-------- DATA FOR PROCESSING --------

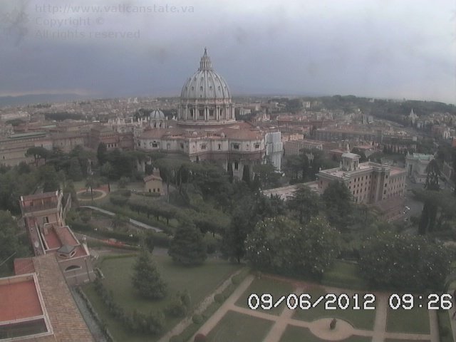 L’aria umida e instabile che risale dal nord Africa ha causato la formazione di varie celle temporalesche che raggiunto il tratto centrale del Tirreno si sono rinvigorite e hanno raggiunto le coste Laziali. Le ultime segnalazioni ci dicono che sono in atto precipitazioni temporalesche su Ponza, Latina, Vigna di Valle e sulla Capitale. Dalla webcam orientata sulla Basilicata di San Pietro il cielo appare scuro e minaccioso. Fonte www.vaticanstate.va
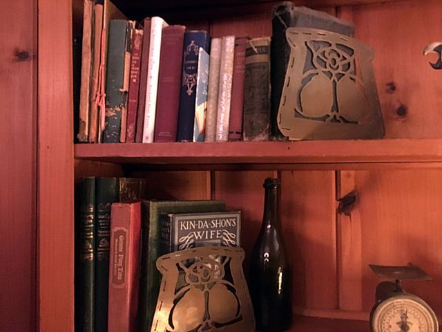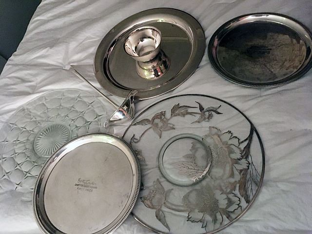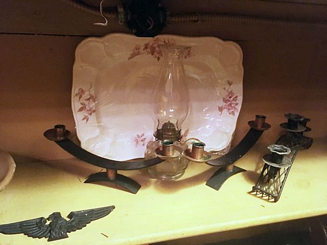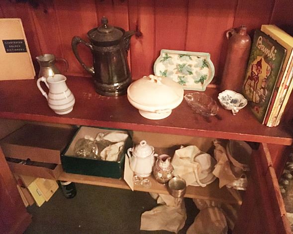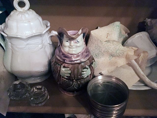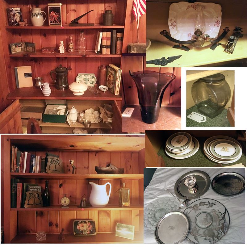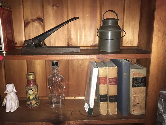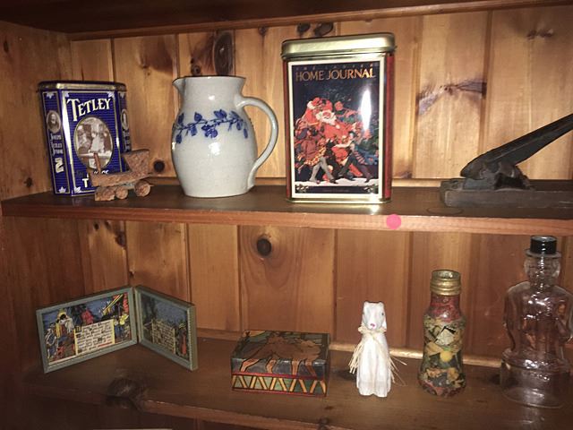Estate collectibles lot includes tins, stoneware jug, Toby, brass bookends, vintage wine stopper, small scale, peanut jar, candleabras, silverplate trays including Betty Crocker award tray, wooden bowls, small scale, lanterns, ironware, oil lamp, purple glass vase, Disney books, etc. all from the farm!
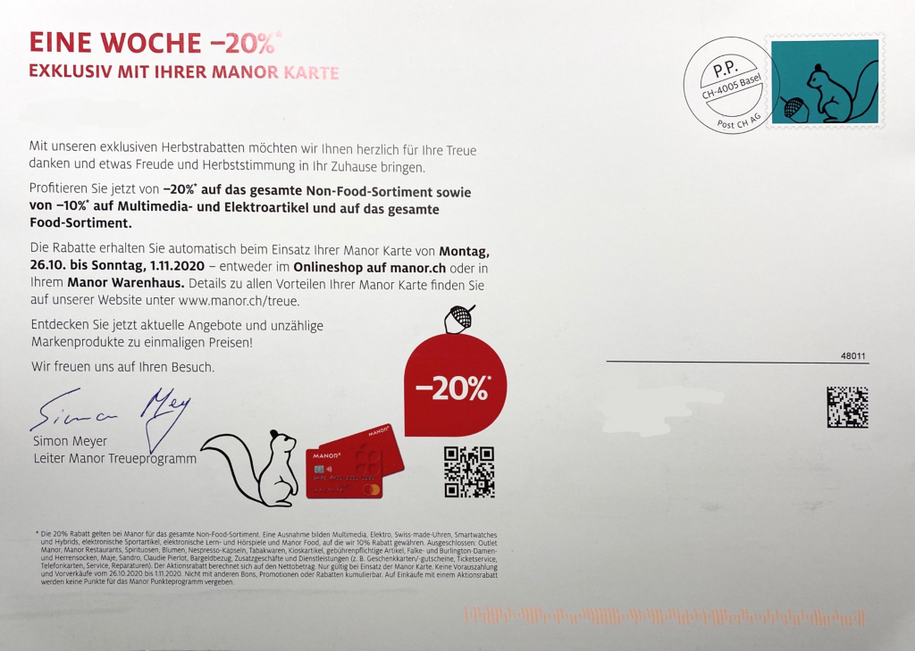 Ab Montag dem 26. Oktober bis zum Sonntag 1. November gibt es bei Manor 20% auf das gesamte Non-Food Sortiment sowie 10% auf Multimedia- und Elektronikartikel und das gesamte Food-Sortiment. Diese Aktion funktioniert nur mit einer Manor Karte (diese ist jedoch gratis).
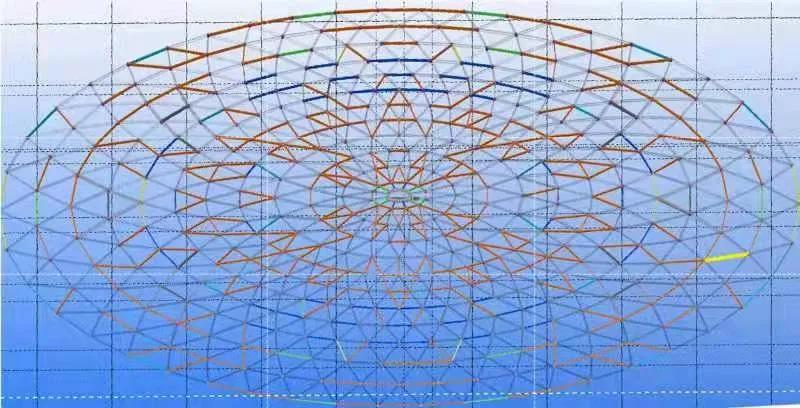 該鋼結構穹頂屬于網殼結構,由鋼管桿件構成68個單元模塊,四周環(huán)繞12個樹狀結構支撐,自重約440t,呈橢圓型,長軸92m,短軸51m。
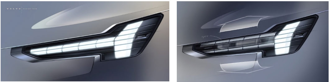由沃尔沃汽车照明设计、用户体验和研发团队开发,日行灯的水平部分可机械打开,露出主灯单元。不管白天黑夜,一直保持雷神之锤的造型。
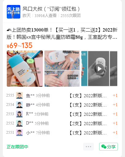 上团热卖13000单!【买一送1,买二送2】2022新版!韩国宫中秘策儿童防晒霜80g,王室配方专注宝宝护肤!
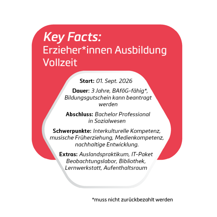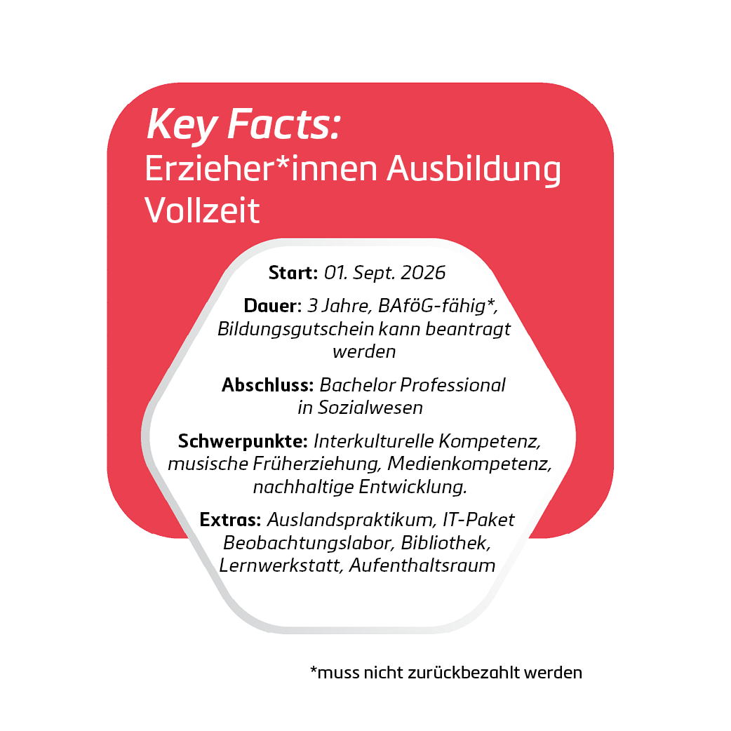 Die Ausbildung zur Erzieherin / zum Erzieher erfolgt in Vollzeit (schulisch), verbunden mit einschlägigen Praktika. Nach der erfolgreichen Ausbildung haben Sie einen staatlich anerkannten Abschluss erworben.

--------

_EXERCISE OBJECTIVE_
The response should repeat each record precisely and contain no pictures.

_FINAL ANSWER_
 L’aria umida e instabile che risale dal nord Africa ha causato la formazione di varie celle temporalesche che raggiunto il tratto centrale del Tirreno si sono rinvigorite e hanno raggiunto le coste Laziali. Le ultime segnalazioni ci dicono che sono in atto precipitazioni temporalesche su Ponza, Latina, Vigna di Valle e sulla Capitale. Dalla webcam orientata sulla Basilicata di San Pietro il cielo appare scuro e minaccioso. Fonte www.vaticanstate.va
Estate collectibles lot includes tins, stoneware jug, Toby, brass bookends, vintage wine stopper, small scale, peanut jar, candleabras, silverplate trays including Betty Crocker award tray, wooden bowls, small scale, lanterns, ironware, oil lamp, purple glass vase, Disney books, etc. all from the farm!
 Ab Montag dem 26. Oktober bis zum Sonntag 1. November gibt es bei Manor 20% auf das gesamte Non-Food Sortiment sowie 10% auf Multimedia- und Elektronikartikel und das gesamte Food-Sortiment. Diese Aktion funktioniert nur mit einer Manor Karte (diese ist jedoch gratis).
 該鋼結構穹頂屬于網殼結構,由鋼管桿件構成68個單元模塊,四周環(huán)繞12個樹狀結構支撐,自重約440t,呈橢圓型,長軸92m,短軸51m。
由沃尔沃汽车照明设计、用户体验和研发团队开发,日行灯的水平部分可机械打开,露出主灯单元。不管白天黑夜,一直保持雷神之锤的造型。
 上团热卖13000单!【买一送1,买二送2】2022新版!韩国宫中秘策儿童防晒霜80g,王室配方专注宝宝护肤!
 Die Ausbildung zur Erzieherin / zum Erzieher erfolgt in Vollzeit (schulisch), verbunden mit einschlägigen Praktika. Nach der erfolgreichen Ausbildung haben Sie einen staatlich anerkannten Abschluss erworben.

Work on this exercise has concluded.